Personal information
- Full name: Christopher Jones
- Born: 28 September 1973 (age 52) Stamford, Lincolnshire, England
- Batting: Right-handed
- Bowling: Slow left-arm orthodox

Domestic team information
- 1999–2006: Cambridgeshire
- 1998: Lincolnshire

Career statistics
| Competition | LA |
| Matches | 3 |
| Runs scored | 49 |
| Batting average | 16.33 |
| 100s/50s | –/– |
| Top score | 26 |
| Balls bowled | – |
| Wickets | – |
| Bowling average | – |
| 5 wickets in innings | – |
| 10 wickets in match | – |
| Best bowling | – |
| Catches/stumpings | –/– |
- Source: Cricinfo, 21 July 2010

= Christopher Jones (cricketer) =

English cricketer

Christopher Jones (born 28 September 1973) is a former English cricketer. Jones was a right-handed batsman who bowled slow left-arm orthodox. He was born at Stamford, Lincolnshire.

Jones made his debut in county cricket for his home county of Lincolnshire, where he played a single match for them in the 1998 Minor Counties Championship against Bedfordshire at London Road, Sleaford. In 1999, he joined Cambridgeshire, making his Minor Counties Championship debut for the county against Norfolk. From 1999 to 2006, he represented the county in 42 Minor Counties Championship matches, with his final appearance coming against Norfolk.
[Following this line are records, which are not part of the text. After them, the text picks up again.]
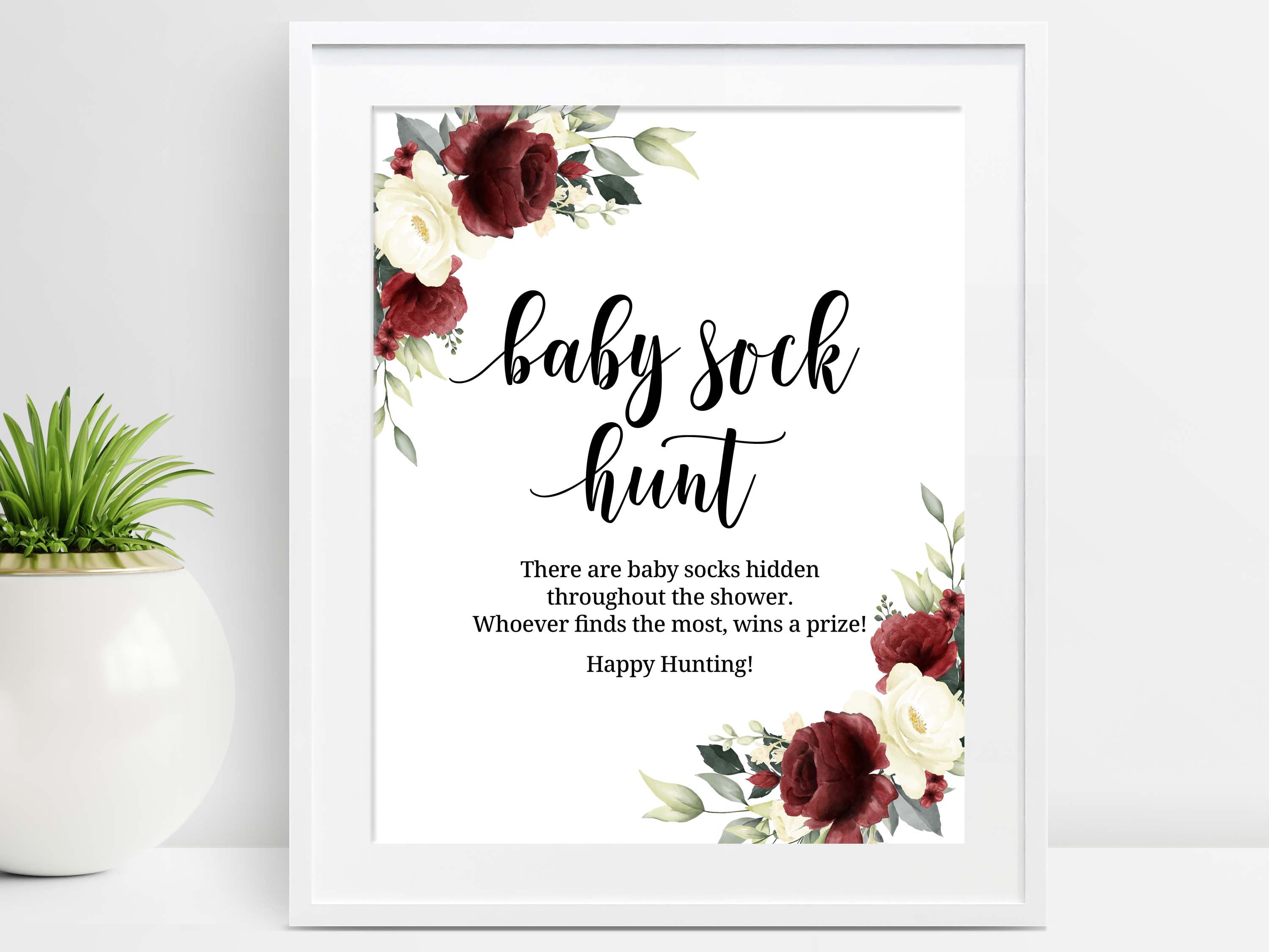 Burgundy, blush, floral modern, unique, fun baby shower games. Wishes cards, advice cards, baby shower table signs for baby shower, baby sprinkle.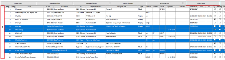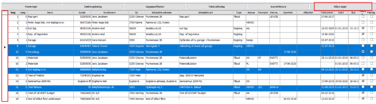 Vil man afslutte flere sager på én gang, kan man holde ctrl. nede og markere sagerne ude i det grå felt til venstre og herefter trykke på knappen "Afslut sager"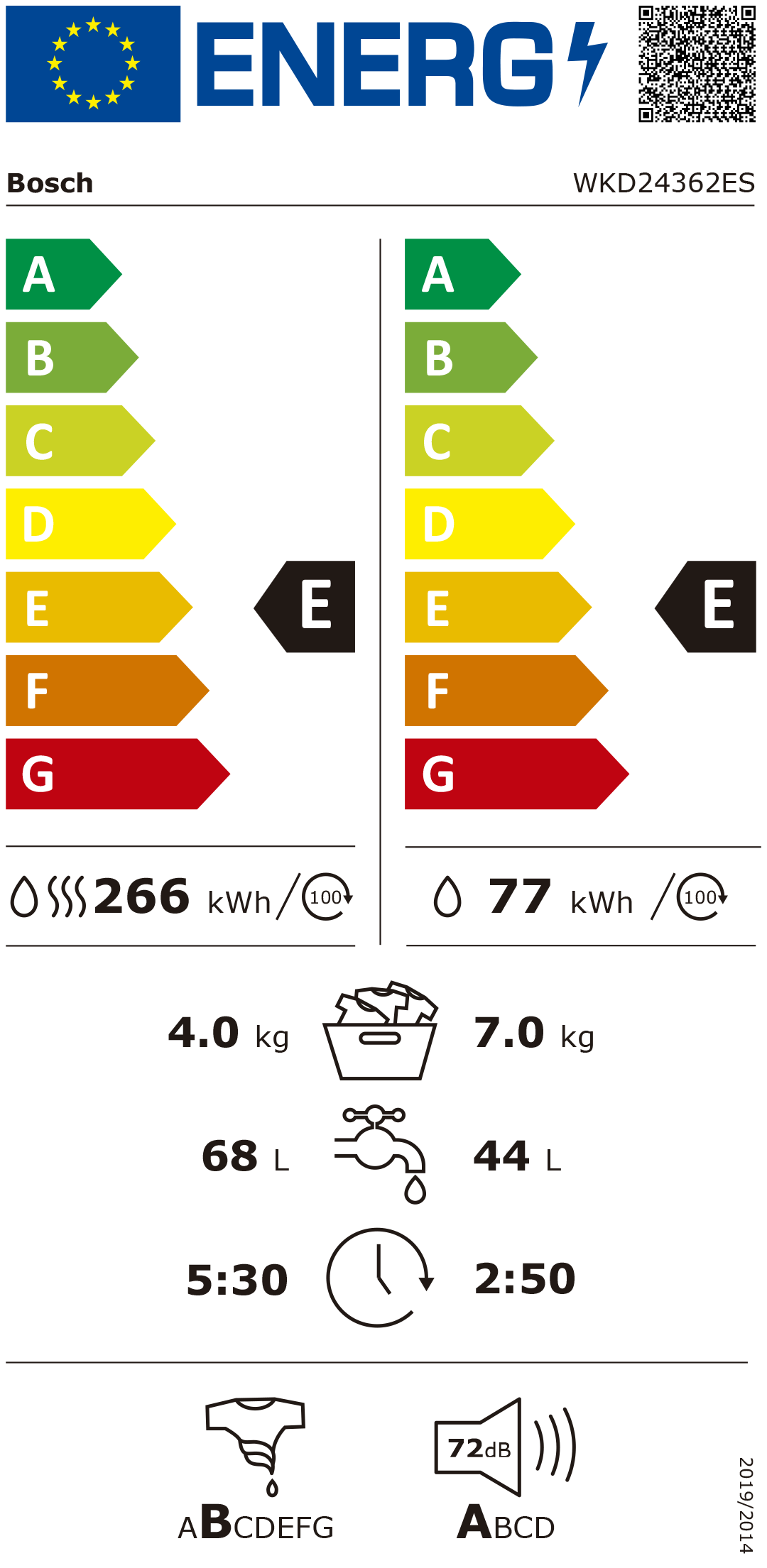 ETIQUETA EFICIÊNCIA ENERGÉTICA | Classe de eficiencia energética Lavar e Secar: E | Classe de Eficiência de Lavagem: E | Energia / Água Lavar e Secar: 266 kWh / 68 litros | Energia / Água Lavar: 77 kWh / 44 litros | Capacidade de carga Lavar e Secar / Lavar: 1 - 4 kg / 1 - 7 kg | Classe de eficiência de Centrifuação: B | Potência de Centrifugação / Velocidade de Centrifugação: 600 - 1355 r/min | Nível de ruído: 72 dB (A) re 1 pW | Classe de Eficiência de Ruído: A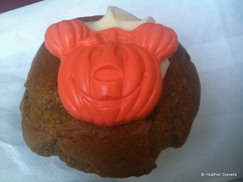 At the Blue Ribbon Bakery you’ve got a few options to choose from, OR get them all! Here you’ll find my top favorite pumpkin snack item. The Pumpkin Muffin. For just $2.99, you can sink your teeth into a moist, delicious muffin that really tastes more like cake. The muffin is quite big — plenty big enough to share. It’s topped with a dollop of cream cheese frosting and an orange-colored chocolate Mickey pumpkin.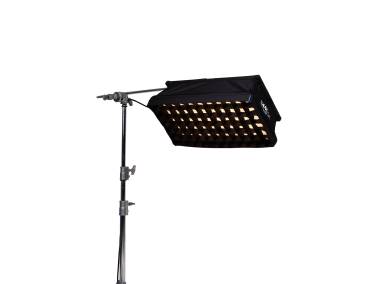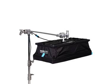 Patentierter Mechanismus zum schnellen Aufrichten der montierten Softbox und ebenso schnellem Zusammenfalten an den Außenseiten der Leuchte. So kann die Softbox auch bei Aufbewahrung der Leuchte im Transportkoffer montiert bleiben. Inkl. Standard- und Lite-Diffusor sowie abnehmbarer Stoffwabe.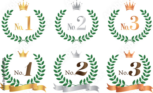月桂樹と王冠とリボンのランキングマーク アイコンイラストセット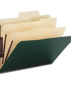 - (10/Box) SuperTab SafeSHIELD Coated Fastener Technology, 2 Dividers, Letter Size, Classification Folders – Dark Green – 14012
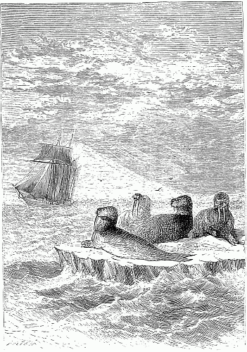 The next day the huge, human-faced walrus came quite near the brig in great numbers, shaking their grim, dripping fronts. The dovekies, more cheerful visitors, scud past toward the land. Both walrus and fowls proclaimed in their way the terribleness of the increasing tempest. The place of the broken hawser had been supplied, and the worried craft strained away at three strong lines which held on bravely. Everything on board was stowed[18] away, or lashed securely, which could invite an assault by the wind.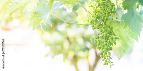 Fototapeta premium Green grapes in a vineyard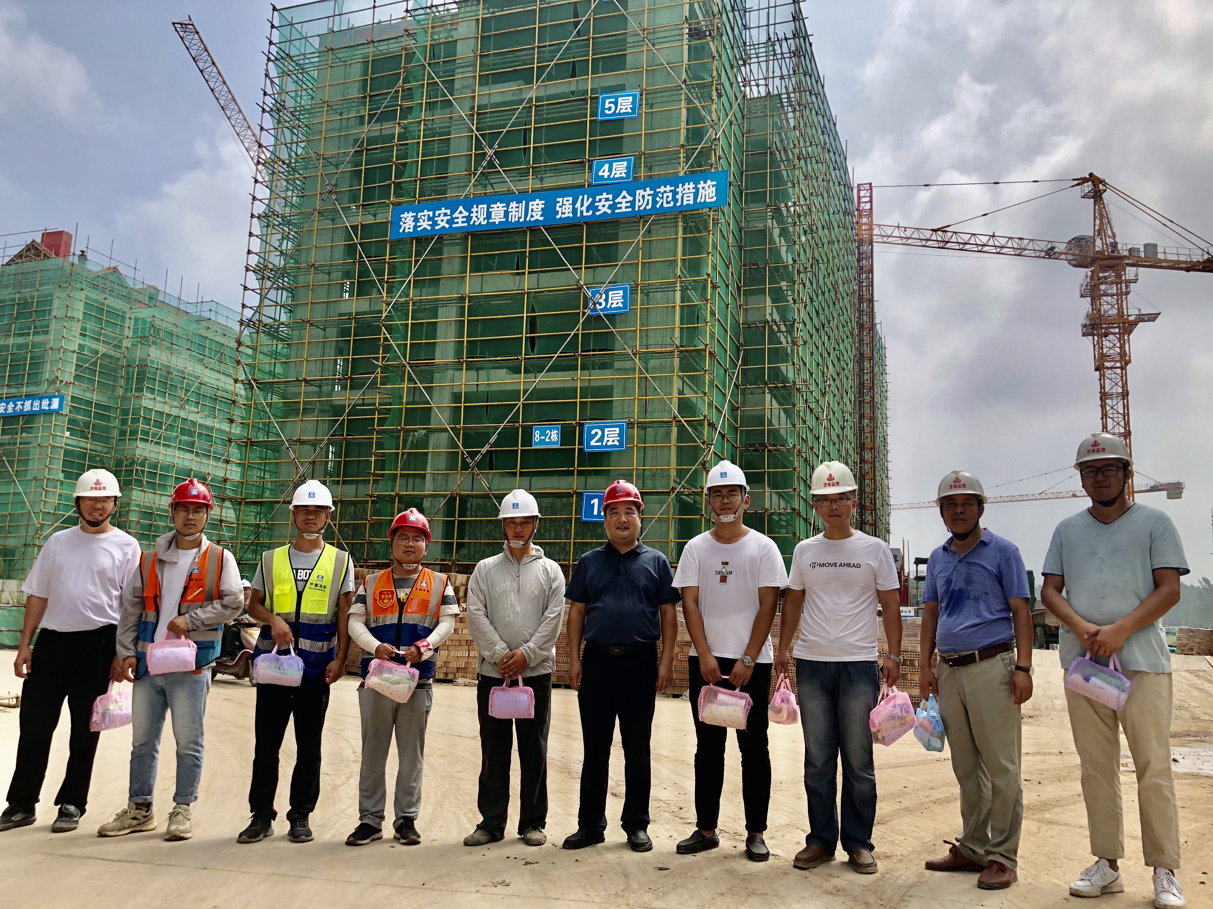 8月11日上午,热浪袭人,房地产党支部副书记童晓强同志带着殷切关怀和慰问品,先后到绿金花园、绿金新城施工现场,慰问一线作业人员,送去防暑降温物品,叮嘱他们在高温天气下作业要保重身体、合理休息,既要完成工作,也要确保身体健康,保质保量地完成施工任务。

Jones also represented Cambridgeshire List-A cricket, making his List-A debut against the Warwickshire Cricket Board in the 2001 Cheltenham & Gloucester Trophy. From 2001 to 2004, he represented the county in 3 List-A matches, with his final match in that format coming against Northamptonshire. In his 3 List-A matches, he scored just 49 runs at a batting average of 16.33, with a high score of 26.